I was looking for a quick way to calculate the median of a list of numbers and came across this:
function array_median($array) {
  // perhaps all non numeric values should filtered out of $array here?
  $iCount = count($array);
  if ($iCount == 0) {
    return null;
  }
  // if we're down here it must mean $array
  // has at least 1 item in the array.
  $middle_index = floor($iCount / 2);
  sort($array, SORT_NUMERIC);
  $median = $array[$middle_index]; // assume an odd # of items
  // Handle the even case by averaging the middle 2 items
  if ($iCount % 2 == 0) {
    $median = ($median + $array[$middle_index - 1]) / 2;
  }
  return $median;
}
This approach using sort() makes sense and is certainly the obvious approach. However, I was curious if a median heap would be faster.  What was surprising was that when I implemented a simple median heap it is consistently significantly slower than the above method.
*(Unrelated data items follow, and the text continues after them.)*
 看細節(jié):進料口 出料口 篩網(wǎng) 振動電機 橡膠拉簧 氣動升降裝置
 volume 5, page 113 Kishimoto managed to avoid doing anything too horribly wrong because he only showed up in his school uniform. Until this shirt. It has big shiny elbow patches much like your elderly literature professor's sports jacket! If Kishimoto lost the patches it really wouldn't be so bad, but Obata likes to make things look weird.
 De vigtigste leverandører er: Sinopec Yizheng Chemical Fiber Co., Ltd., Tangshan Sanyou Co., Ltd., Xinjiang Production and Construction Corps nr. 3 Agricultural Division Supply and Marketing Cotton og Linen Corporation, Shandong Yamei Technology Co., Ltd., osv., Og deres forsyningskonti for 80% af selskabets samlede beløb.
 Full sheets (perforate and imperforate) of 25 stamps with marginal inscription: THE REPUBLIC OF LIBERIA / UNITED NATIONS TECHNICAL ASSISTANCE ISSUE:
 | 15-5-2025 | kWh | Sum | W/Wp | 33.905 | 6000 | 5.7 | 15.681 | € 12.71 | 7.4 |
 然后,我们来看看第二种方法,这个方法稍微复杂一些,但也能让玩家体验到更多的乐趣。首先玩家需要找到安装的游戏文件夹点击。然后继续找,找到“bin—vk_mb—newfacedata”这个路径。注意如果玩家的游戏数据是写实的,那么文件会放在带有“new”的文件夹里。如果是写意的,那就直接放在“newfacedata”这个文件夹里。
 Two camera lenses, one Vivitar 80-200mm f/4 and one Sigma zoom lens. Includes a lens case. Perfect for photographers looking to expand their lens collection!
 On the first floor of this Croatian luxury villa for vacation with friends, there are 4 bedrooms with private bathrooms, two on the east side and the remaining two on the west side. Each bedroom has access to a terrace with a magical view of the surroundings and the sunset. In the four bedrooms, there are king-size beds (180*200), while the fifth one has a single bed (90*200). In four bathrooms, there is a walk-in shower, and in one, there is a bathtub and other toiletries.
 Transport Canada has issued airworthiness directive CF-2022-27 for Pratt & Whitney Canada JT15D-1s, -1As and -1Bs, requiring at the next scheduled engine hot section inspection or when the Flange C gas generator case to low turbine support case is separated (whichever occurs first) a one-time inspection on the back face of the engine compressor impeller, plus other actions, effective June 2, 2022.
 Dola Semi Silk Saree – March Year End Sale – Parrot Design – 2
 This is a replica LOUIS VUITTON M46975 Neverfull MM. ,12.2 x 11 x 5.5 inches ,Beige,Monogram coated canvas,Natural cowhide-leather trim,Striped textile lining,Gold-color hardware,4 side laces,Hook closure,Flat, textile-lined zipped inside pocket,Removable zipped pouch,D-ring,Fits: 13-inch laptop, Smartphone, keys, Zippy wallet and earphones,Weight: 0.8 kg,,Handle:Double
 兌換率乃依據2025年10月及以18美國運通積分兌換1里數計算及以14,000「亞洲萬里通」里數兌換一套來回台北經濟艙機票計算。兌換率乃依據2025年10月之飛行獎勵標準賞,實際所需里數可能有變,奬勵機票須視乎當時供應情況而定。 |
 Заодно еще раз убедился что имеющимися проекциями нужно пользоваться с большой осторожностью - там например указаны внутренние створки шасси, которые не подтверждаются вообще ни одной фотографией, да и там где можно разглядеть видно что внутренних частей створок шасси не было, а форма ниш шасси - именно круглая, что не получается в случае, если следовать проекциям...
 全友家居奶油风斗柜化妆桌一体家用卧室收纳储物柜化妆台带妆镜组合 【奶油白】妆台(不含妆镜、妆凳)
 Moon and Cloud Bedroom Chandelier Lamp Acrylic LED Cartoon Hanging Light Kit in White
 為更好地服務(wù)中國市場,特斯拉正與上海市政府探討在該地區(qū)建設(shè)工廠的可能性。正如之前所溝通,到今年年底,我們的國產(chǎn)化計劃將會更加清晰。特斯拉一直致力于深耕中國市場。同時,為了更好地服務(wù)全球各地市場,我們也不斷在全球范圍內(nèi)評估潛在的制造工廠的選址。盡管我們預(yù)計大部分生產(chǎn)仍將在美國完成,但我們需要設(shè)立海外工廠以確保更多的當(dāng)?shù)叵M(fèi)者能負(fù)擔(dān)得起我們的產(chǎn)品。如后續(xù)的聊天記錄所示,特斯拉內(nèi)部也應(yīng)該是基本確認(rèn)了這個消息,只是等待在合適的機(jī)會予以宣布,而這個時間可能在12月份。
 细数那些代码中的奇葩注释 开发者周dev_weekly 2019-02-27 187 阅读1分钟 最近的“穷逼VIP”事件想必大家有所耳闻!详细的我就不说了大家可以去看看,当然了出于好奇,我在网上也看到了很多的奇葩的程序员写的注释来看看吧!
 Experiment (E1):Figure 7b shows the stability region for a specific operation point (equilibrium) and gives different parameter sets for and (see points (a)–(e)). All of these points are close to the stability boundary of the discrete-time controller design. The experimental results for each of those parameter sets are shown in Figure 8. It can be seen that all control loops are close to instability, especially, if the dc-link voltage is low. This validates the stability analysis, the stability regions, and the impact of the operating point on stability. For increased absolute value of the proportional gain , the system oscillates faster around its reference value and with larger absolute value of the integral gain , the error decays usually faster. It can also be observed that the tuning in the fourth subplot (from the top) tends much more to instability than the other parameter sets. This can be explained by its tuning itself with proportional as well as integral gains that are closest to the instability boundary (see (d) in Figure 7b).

My simple MedianHeap class:
class MedianHeap{
private $lowerHeap;
private $higherHeap;
private $numbers = [];
public function __construct($numbers = null)
{
    $this->lowerHeap = new SplMaxHeap();
    $this->higherHeap = new SplMinHeap();
    if (count($numbers)) {
        $this->insertArray($numbers);   
    }
}
public function insertArray ($numbers) {
    foreach($numbers as $number) {
        $this->insert($number);
    }
}
public function insert($number)
{
    $this->numbers[] = $number;
    if ($this->lowerHeap->count() == 0 || $number < $this->lowerHeap->top()) {
        $this->lowerHeap->insert($number);
    } else {
        $this->higherHeap->insert($number);
    }
    $this->balance();
}
protected function balance()
{
    $biggerHeap = $this->lowerHeap->count() > $this->higherHeap->count() ? $this->lowerHeap : $this->higherHeap;
    $smallerHeap = $this->lowerHeap->count() > $this->higherHeap->count() ? $this->higherHeap : $this->lowerHeap;
    if ($biggerHeap->count() - $smallerHeap->count() >= 2) {
        $smallerHeap->insert($biggerHeap->extract());
    }
}
public function getMedian()
{
    if (!count($this->numbers)) {
        return null;
    }
    $biggerHeap = $this->lowerHeap->count() > $this->higherHeap->count() ? $this->lowerHeap : $this->higherHeap;
    $smallerHeap = $this->lowerHeap->count() > $this->higherHeap->count() ? $this->higherHeap : $this->lowerHeap;
    if ($biggerHeap->count() == $smallerHeap->count()) {
        return ($biggerHeap->top() + $smallerHeap->top())/2;
    } else {
        return $biggerHeap->top();
    }
}
}
And then the code to benchmark:
$array = [];
for($i=0; $i<100000; $i++) {
     $array[] = mt_rand(1,100000) / mt_rand(1,10000);
}
$t = microtime(true);
echo array_median($array);
echo PHP_EOL . 'Sort Median: ' . (microtime(true) - $t) . ' seconds';
echo PHP_EOL;
$t = microtime(true);
$list = new MedianHeap($array);
echo $list->getMedian();
echo PHP_EOL . 'Heap Median: '. (microtime(true) - $t) . ' seconds';
Is there something in PHP that makes using heaps for this inefficient somehow or is there something wrong with my implemenation?